[Collection entries]
+++

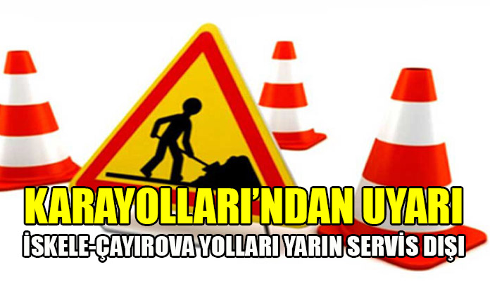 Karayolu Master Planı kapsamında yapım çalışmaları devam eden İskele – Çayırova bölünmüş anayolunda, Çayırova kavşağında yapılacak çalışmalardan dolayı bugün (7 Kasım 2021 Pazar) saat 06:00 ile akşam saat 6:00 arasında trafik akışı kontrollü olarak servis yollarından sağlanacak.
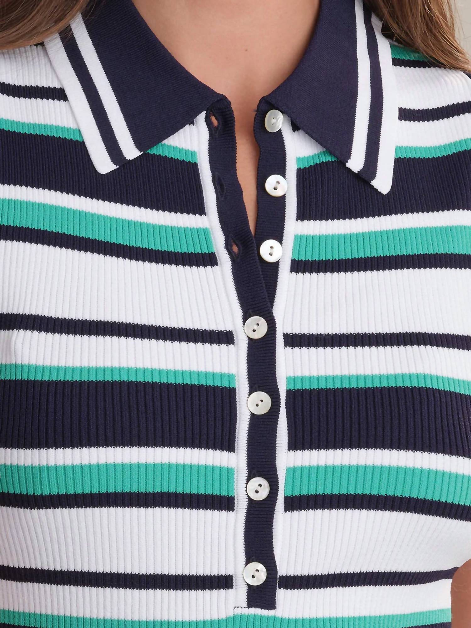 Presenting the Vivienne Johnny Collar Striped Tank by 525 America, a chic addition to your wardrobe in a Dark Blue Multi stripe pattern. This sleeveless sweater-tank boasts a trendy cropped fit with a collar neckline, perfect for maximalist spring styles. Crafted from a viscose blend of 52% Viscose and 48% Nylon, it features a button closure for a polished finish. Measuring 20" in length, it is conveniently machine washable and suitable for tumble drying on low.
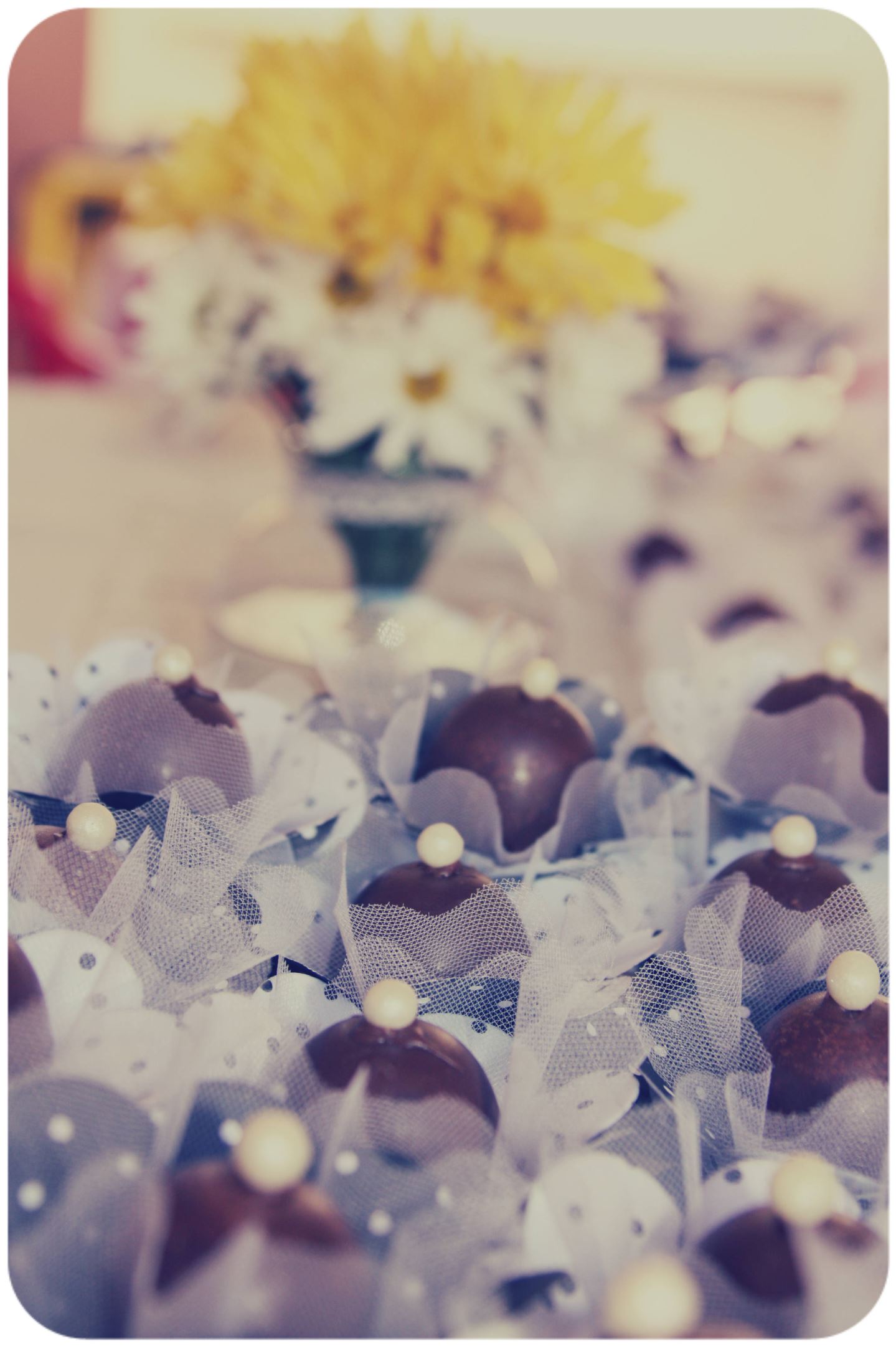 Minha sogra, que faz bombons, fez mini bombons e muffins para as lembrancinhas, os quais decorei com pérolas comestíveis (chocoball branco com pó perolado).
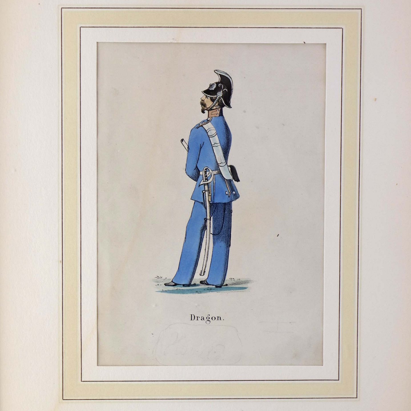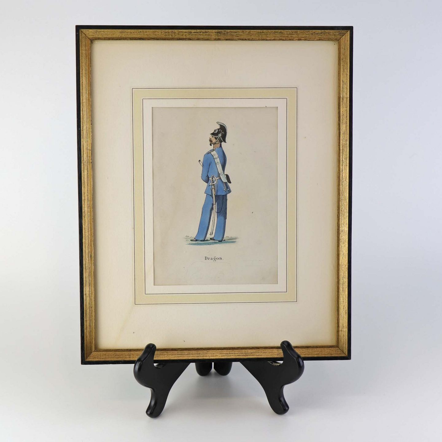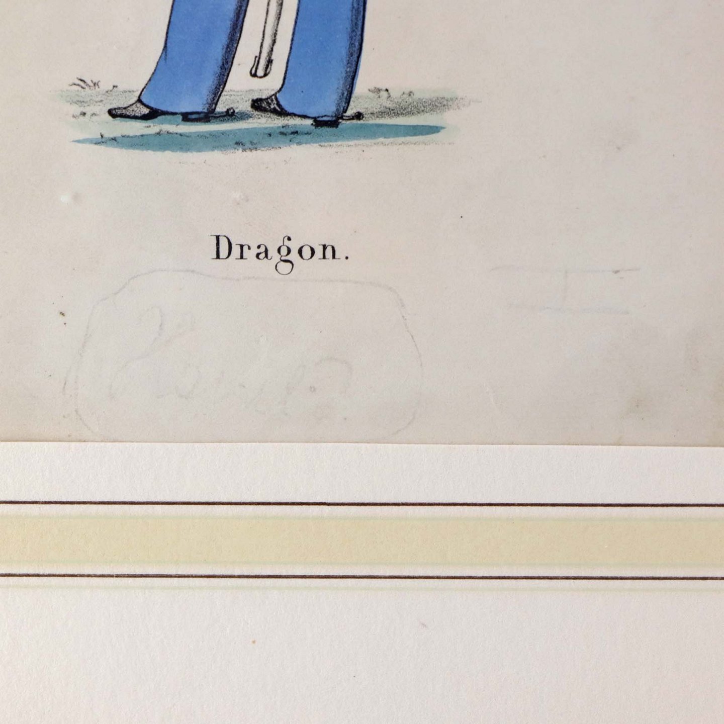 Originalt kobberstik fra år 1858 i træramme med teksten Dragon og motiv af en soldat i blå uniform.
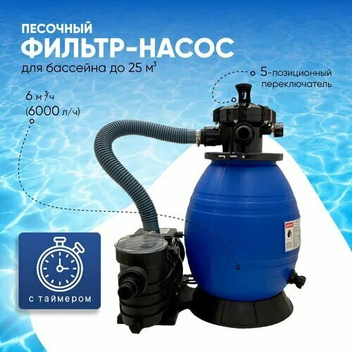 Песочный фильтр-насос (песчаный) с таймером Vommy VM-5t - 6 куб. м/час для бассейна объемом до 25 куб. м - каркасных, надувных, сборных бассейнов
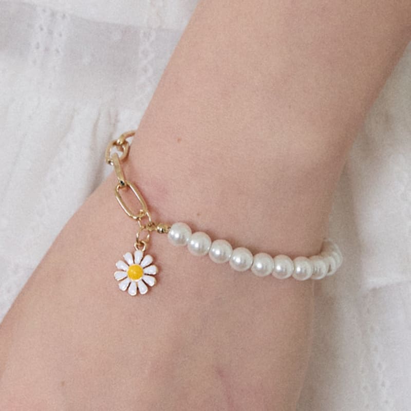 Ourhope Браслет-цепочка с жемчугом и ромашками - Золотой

+++

Copy exactly, and only, the lines running from the one containing "Presenting the Vivienne" through the final line of the data, and omit the pictures.

 Presenting the Vivienne Johnny Collar Striped Tank by 525 America, a chic addition to your wardrobe in a Dark Blue Multi stripe pattern. This sleeveless sweater-tank boasts a trendy cropped fit with a collar neckline, perfect for maximalist spring styles. Crafted from a viscose blend of 52% Viscose and 48% Nylon, it features a button closure for a polished finish. Measuring 20" in length, it is conveniently machine washable and suitable for tumble drying on low.
 Minha sogra, que faz bombons, fez mini bombons e muffins para as lembrancinhas, os quais decorei com pérolas comestíveis (chocoball branco com pó perolado).
 Originalt kobberstik fra år 1858 i træramme med teksten Dragon og motiv af en soldat i blå uniform.
 Песочный фильтр-насос (песчаный) с таймером Vommy VM-5t - 6 куб. м/час для бассейна объемом до 25 куб. м - каркасных, надувных, сборных бассейнов
 Ourhope Браслет-цепочка с жемчугом и ромашками - Золотой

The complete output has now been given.